Wednesday, October 16, 2013

a question of turning

from queer phenomenology by sara ahmed

"my writing moves between conceptual analysis and personal digression.  but why call the personal a digression?  why is it that the personal so often enters writing as if we are being led astray from a proper course?"

"it is not just that bodies are moved by the orientations they have; rather, the orientations we have toward others shape the contours of space by affecting relations of proximity and distance between bodies.  importantly, even what is kept at a distance must still be proximate enough if it is to make or leave an impression."

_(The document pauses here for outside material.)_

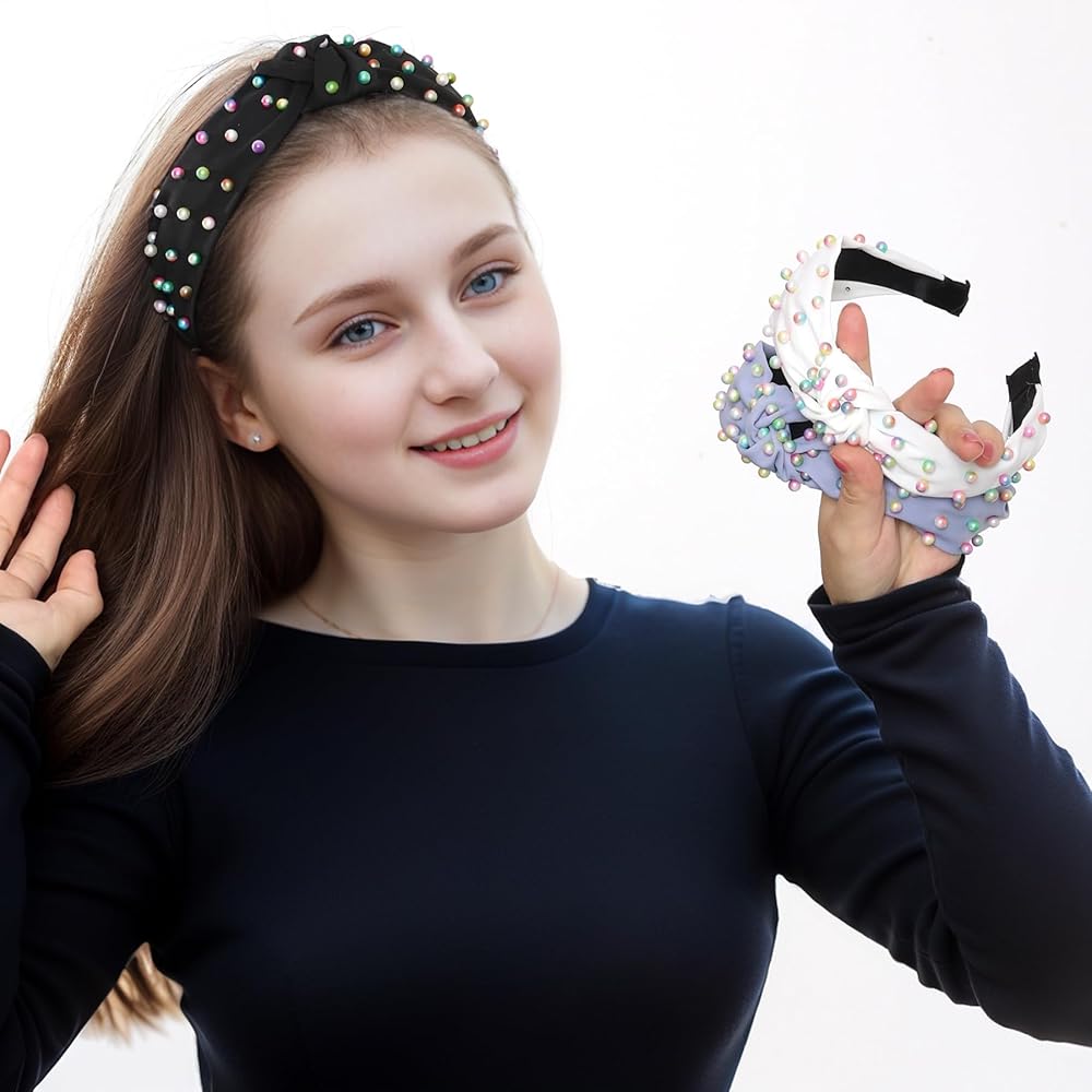 • Great hair decoration: The faux pearl headbands are designed with cross knots and decorated with colorful faux pearls. Keep your hair neat and tidy when you put on makeup, wash your face or any time.

"phenomenology is full of queer moments; as moments of disorientation that maurice merleau-ponty suggests involve not only 'the intellectual experience of disorder, but the vital experience of giddiness and nausea, which is the awareness of our contingency, and the horror with which it fills us.'"

"space then becomes a question of 'turning', of directions taken, which not only allow things to appear, but also enable us to find our way through the world by situating ourselves in relation to such things."

"the question of orientation becomes, then, a question not only about how we 'find our way' but how we come to 'feel at home'."

"but 'getting lost' still takes us somewhere; and being lost is a way of inhabiting space by registering what is not familiar: being lost can in its turn become a familiar feeling.  familiarity is shaped by the 'feel' of space or by how spaces 'impress' upon bodies."

Thursday, October 3, 2013

untitled by john ashbery


we were warned about spiders, and the
   occasional famine.
we drove downtown to see our
   neighbors.  none of them were home.
we nestled in yards the municipality had
   created,
reminisced about other, different places -
but were they?  hadn't we known it all
       before?

in vineyards where the bee's hymn
   drowns the monotony,
we slept for peace, joining in the great
   run.
he came up to me.
it was all as it had been,
except for the weight of the present,
that scuttled the pact we made with
       heaven.
in truth there was no cause for rejoicing,
nor need to turn around, either.
we were lost just by standing,
listening to the hum of the wires overhead.